What is the relationship between interest rates and the Quantity Theory of Money?

In a static society where no one feels any uncertainty about the future rates of interest, the Liquidity Function L2 or the propensity to hoard, will always be 0 in equilibrium.

Hence in equilibrium:

M2 = 0 and M = M1.

Any change in M will cause the rate of interest to fluctuate until income reaches a level at which the change in M1 is equal to the supposed change in M.

M1V = Y

  • V is the income-velocity of money as defined above
  • Y is the aggregate income

Thus if it is practicable to measure the quantity, 0, and the price, P, of current output, we have Y = OP, and, therefore, MY = OP; which is much the same as the Quantity Theory of Money in its traditional form.[2]

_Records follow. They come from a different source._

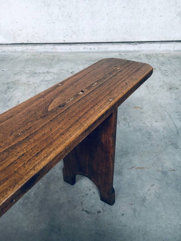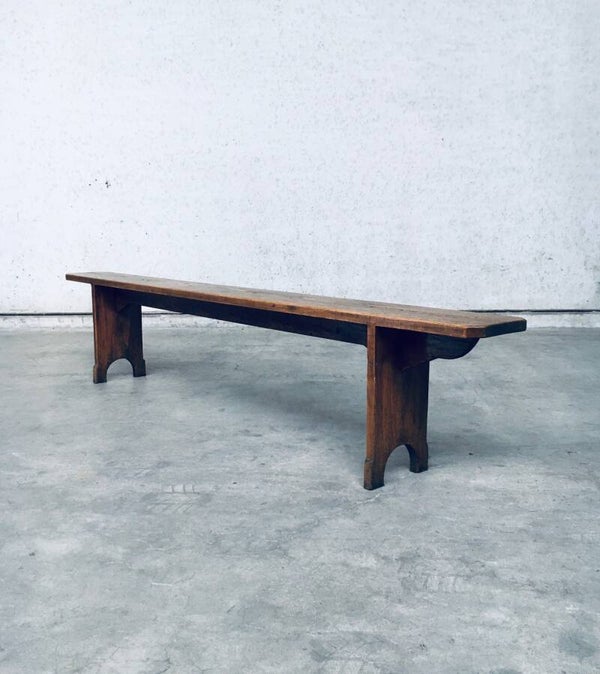 Vintage Rustic French Design Solid Oak side bench or monastry dining table bench. Made in France, 1930's / 40's. Solid oak constructed narrow bench with 2 legs in classic monastry form. Beautiful in it's silmplicity. In very good, all original solid condition. Patinated through time and it's use. Measures 48cm x 240cm x 22,5cm.
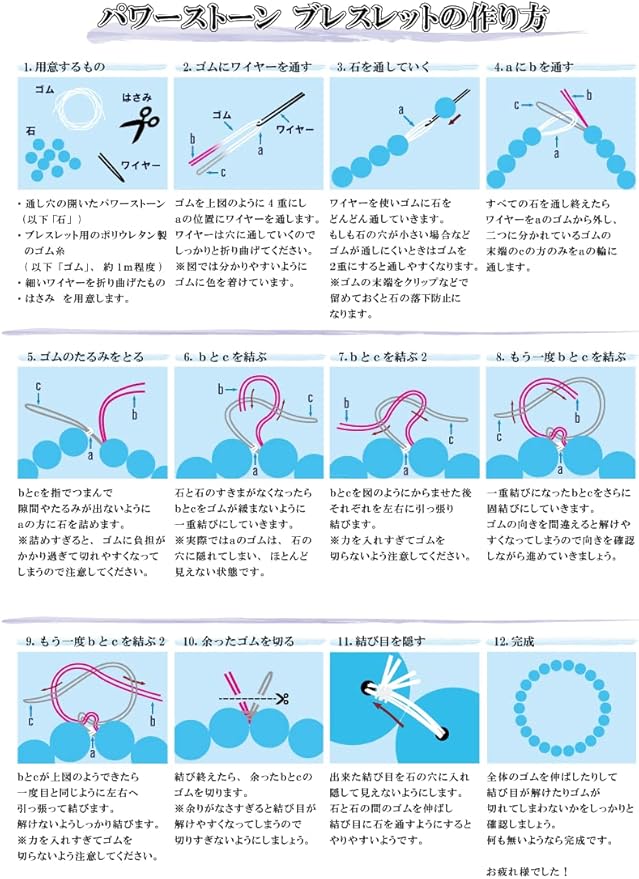 この商品だけでパワーストーンブレスレット作製に必要なものが揃いますので、すぐに天然石ブレスレット作りや修理を行っていただけます。ストラップやネックレス作りにもどうぞ。
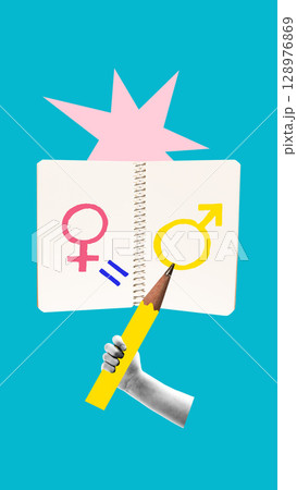 Colorful poster. Notebook with gender symbols and equality sign held by hand on blue background
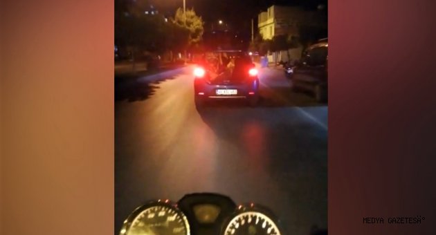 İlçeye bağlı Doğukent Mahallesi üzerinde seyir halinde olan motosiklet sürücüsü, aynı istikamette önünde ilerleyen aracın bagajının açık olduğunu fark etti. Araç sürücüsünü uyarmak için hızını artıran motosiklet sürücüsü gördüklerine inanamadı. Kask kamerası tarafından kaydedilen görüntülerde, araç içerisinde ve bagajında aralarında çocuklarında bulunduğu insanların seyahat ettiği görülüyor.
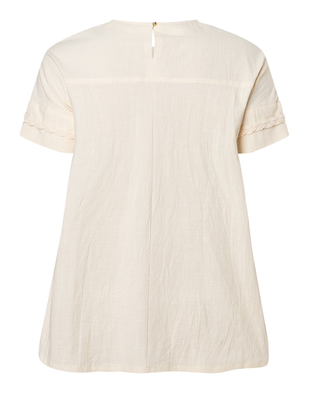 Diese beiden Modelle spielen mit luftigen Schnitten und raffinierten Details: ein Kleid mit weitem Fall und selbst geflochtenen Bändern an den Ärmeln sowie eine Bluse mit Kellerfalte vorn und Flechtdetails an den Ärmeln. Clevere Details und hochwertige Verarbeitung verleihen jedem Teil einen stilvollen Auftritt.

The great fault in the Quantity Theory is that it does not distinguish between changes in prices which are a function of changes in output, and those which are a function of changes in the wage-unit.[3]

The explanation of this omission is, perhaps, to be found in the assumptions that there is no propensity to hoard and that there is always full employment.

For in this case, O being constant and M2 being zero, it follows, if we can take V also as constant, that both the wage-unit and the price-level will be directly proportional to the quantity of money.


Author’s Footnotes

  1. We must postpone to Book V. the question of what will determine the character of the new equilibrium.

  2. If we had defined V, not as equal to Y/M, but as equal to Y/M, then, of course, the Quantity Theory is a truism which holds in all circumstances, though without significance.

  3. This point will be further developed in Chapter 21 below.